Am I correct in assuming that "climate change" is a trendy euphemism for global warming primarily in use by people who are unwilling to admit that they were mistaken about the problem in the first place, so they gave it another name?

#145 ::: Zarquon ::: (view all by) ::: October 11, 2007, 05:17 PM:
it's that the remedies being discussed are extreme and that there are extreme penalties for being wrong.

More FUD. Prove it. Do the calculations. Show your work.

#146 ::: ethan ::: (view all by) ::: October 11, 2007, 05:18 PM:

Earl Cooley #144: I don't know what the general usage and connotations are, but I like "climate change" because it sidesteps all the moronic "So much for global warming!!!" comments people make when it's cold in August.

C. Wingate #143: What you're saying is awfully close to "We don't know how serious the problem is going to be, or whether it's too late to do anything about it, so our best course of action is to not do anything." Which is pretty silly. To use an example most of us here will be queasily familiar with, it's like saying, "I don't know if I'm going to get in a car accident, and even if I do I don't know if a seatbelt will save my life, so I might as well not wear one."

P.S. No, it's not exactly the same as that. Quibble quibble.
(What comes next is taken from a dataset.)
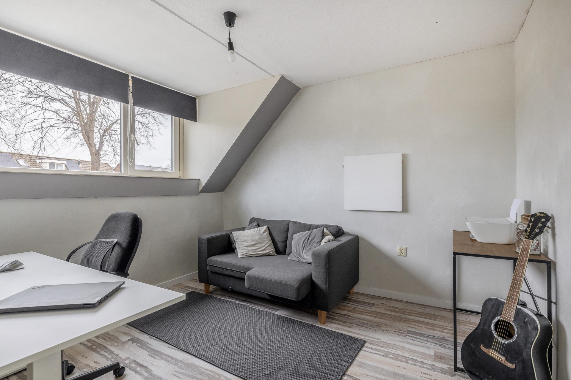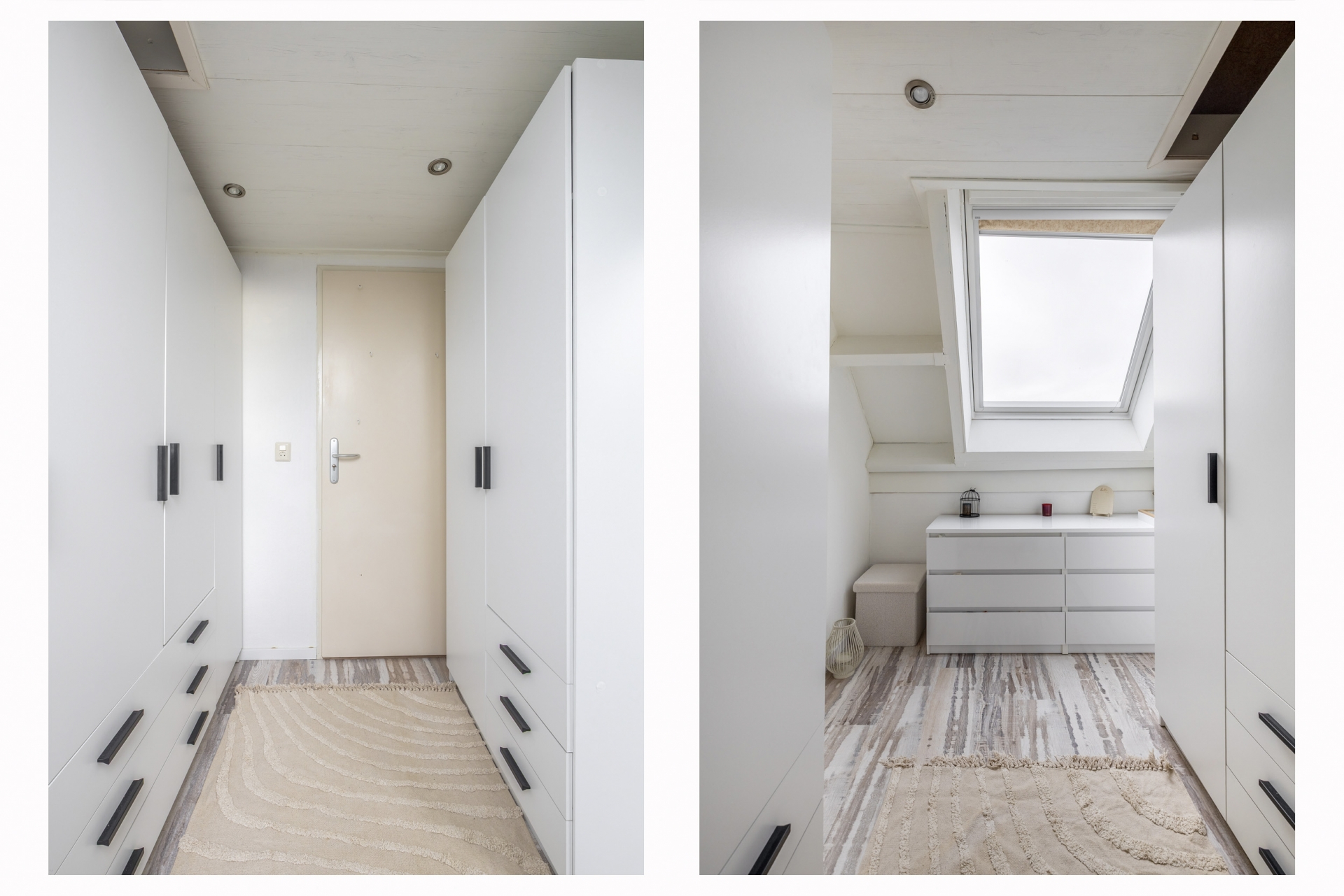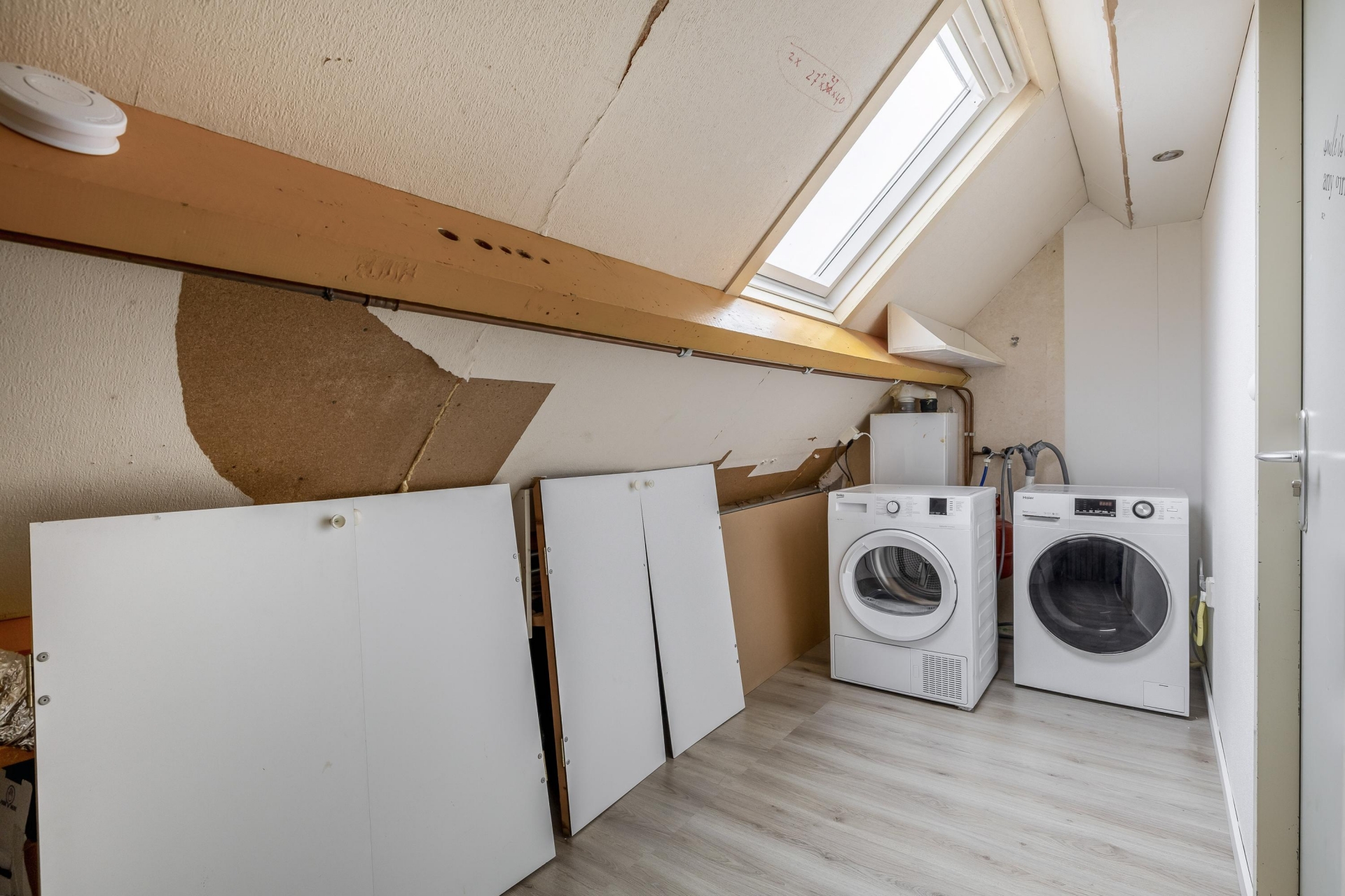 De tweede verdieping is ruim opgezet en v.v. vernieuwde Velux dakramen. Hier vind je nog twee extra slaapkamers. De tweede slaapkamers is thans in gebruik als walk-in closet. Tevens is er op de overloop een praktische wasruimte met de opstelling cv combiketel Remeha HR. Ook deze verdieping is fraai afgewerkt met een lichte vloer, strak plafond en bergruimte onder de schuine kap. De tweed

#147 ::: C. Wingate ::: (view all by) ::: October 11, 2007, 05:55 PM:

re #142: Let's assume that the lower "hockey stick" graph can be taken at face value and hypothesize that all the change seen can be attributed to human effects such as deforestation, reduction of wildlife, fossil fuel combustion, etc. And let's assume that it is necessary to bring temperatures back close to the premodern -.25 degree average, and necessary to do it pretty quickly (say, a decade or two). OK, what do we do? Well, I can formulate a bunch of really dire hypotheses. If all the increase can be attributed to increased atmospheric carbon, then the solution is going to require re-binding all of the carbon released from fossil fuel sources, at a minimum. OK, how much energy do we get from that? Can we get anywhere near that given that solar energy becomes our only known energy source (unless one is willing to do breeder reactors, known uranium/thorium reserves don't go very far; plutonium in commercial markets is a huge security risk because it essentially guarantees the existence of terrorist nuclear weapons)? How much are we willing to risk undoing the industrial revolution? Will that even do the trick?

And that's the easy case. The hard one is where we postulate that those cow farts do in fact matter and that we have to bring the world cattle population down. Or where we have to make drastic cutbacks to farmland without any compensating increase in productivity. And since every one of these solutions involves Draconian cutbacks if technology doesn't arise to compensate the losses, there's the social question of how to push them forward in the face of social disruption (to be euphemistic) that could well make the Whiskey Rebellion and Prohibition seem like middle school pranks. If worldwide cutbacks are required, how can these be supported/coordinated/enforced in the face of the energy requirement to do so?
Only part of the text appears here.